Task details ▸
When a picture appears in the listing, leave it out and copy the rest exactly as it stands.

Material provided ▸
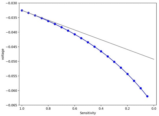 In addition, we can identify this phenomenon in the change of the neuron’s steady state voltage due to change. In Figure 8, the neuron’s steady state voltage is more changed depending on the decline of , similar to the blue line in Figure 6b. Since the steady state voltage depends on change, the inclination of the change of the steady state voltage affects in (20), which is the inclination. Therefore, the steady state voltage can also explain why the total spikes reduction happens.
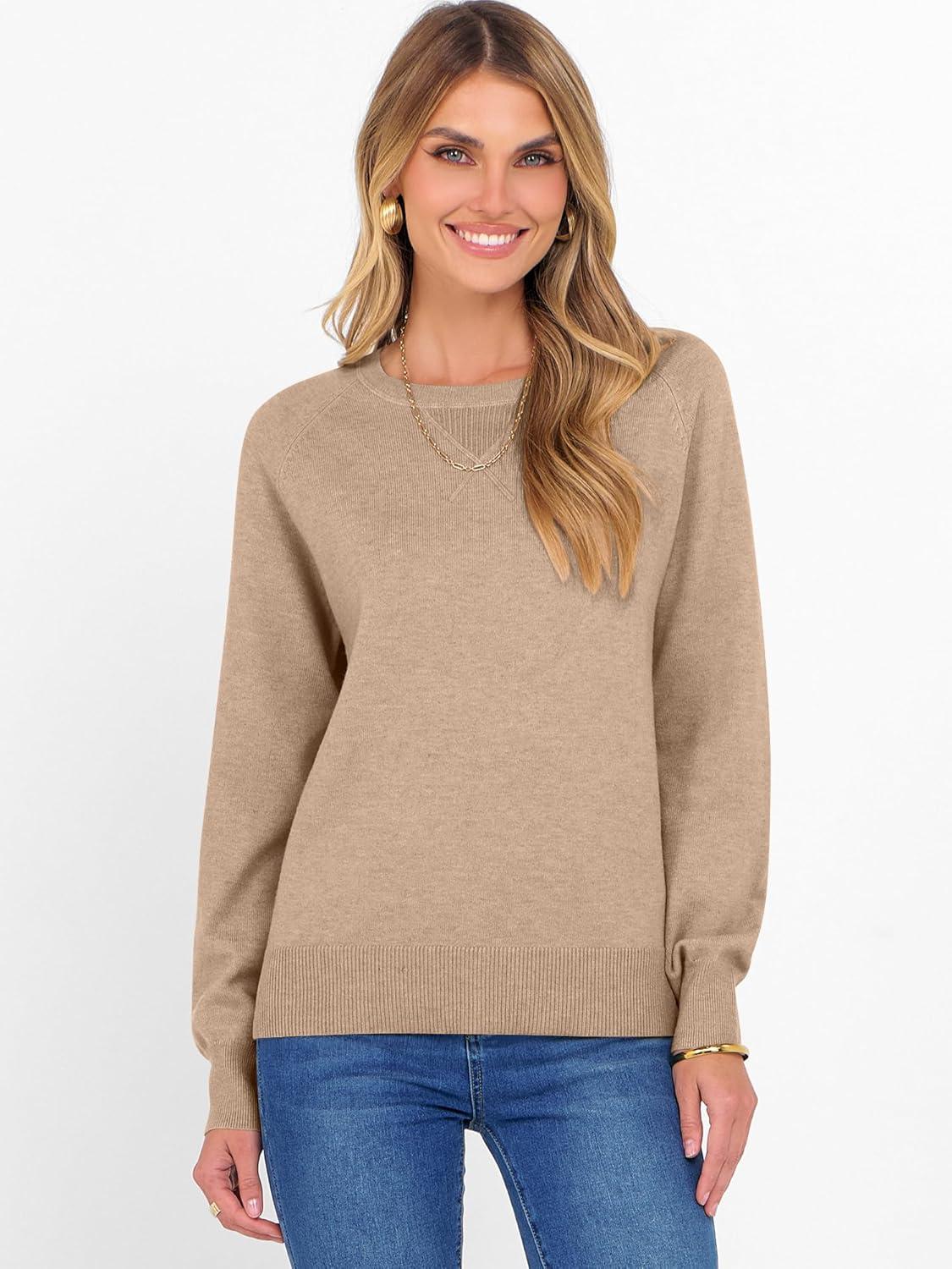 ANRABESS Sweater for Women Long Sleeve Crewneck 2025 Fall Winter Soft Loose Fit Basic Knit Pullover Sweaters Top Outfits(Warm Khaki)
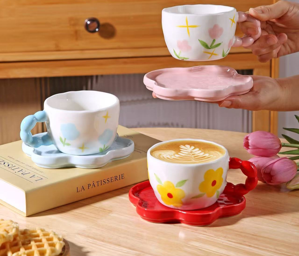 AA1422 TAZA CON PLATO CERAMICA CON FORMA DE FLOR
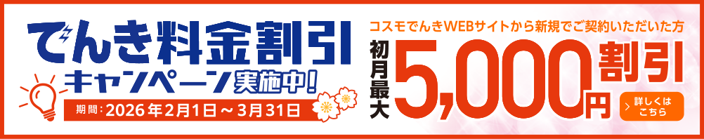 • ※口座振替にてお支払いの場合、金融機関にて口座の登録が完了したのちに、コスモでんきの供給を開始させて頂きます。
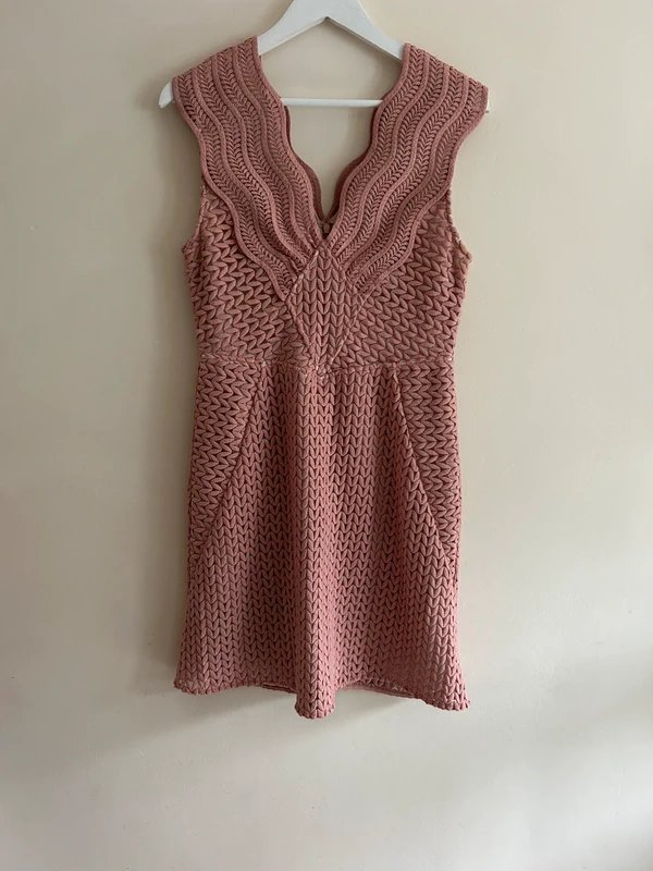 The Reiss Blush Pink Textured Crochet Sleeveless Mini Dress is available in sizes M.

Exercise solution ▸
 In addition, we can identify this phenomenon in the change of the neuron’s steady state voltage due to change. In Figure 8, the neuron’s steady state voltage is more changed depending on the decline of , similar to the blue line in Figure 6b. Since the steady state voltage depends on change, the inclination of the change of the steady state voltage affects in (20), which is the inclination. Therefore, the steady state voltage can also explain why the total spikes reduction happens.
 ANRABESS Sweater for Women Long Sleeve Crewneck 2025 Fall Winter Soft Loose Fit Basic Knit Pullover Sweaters Top Outfits(Warm Khaki)
 AA1422 TAZA CON PLATO CERAMICA CON FORMA DE FLOR
 • ※口座振替にてお支払いの場合、金融機関にて口座の登録が完了したのちに、コスモでんきの供給を開始させて頂きます。
 The Reiss Blush Pink Textured Crochet Sleeveless Mini Dress is available in sizes M.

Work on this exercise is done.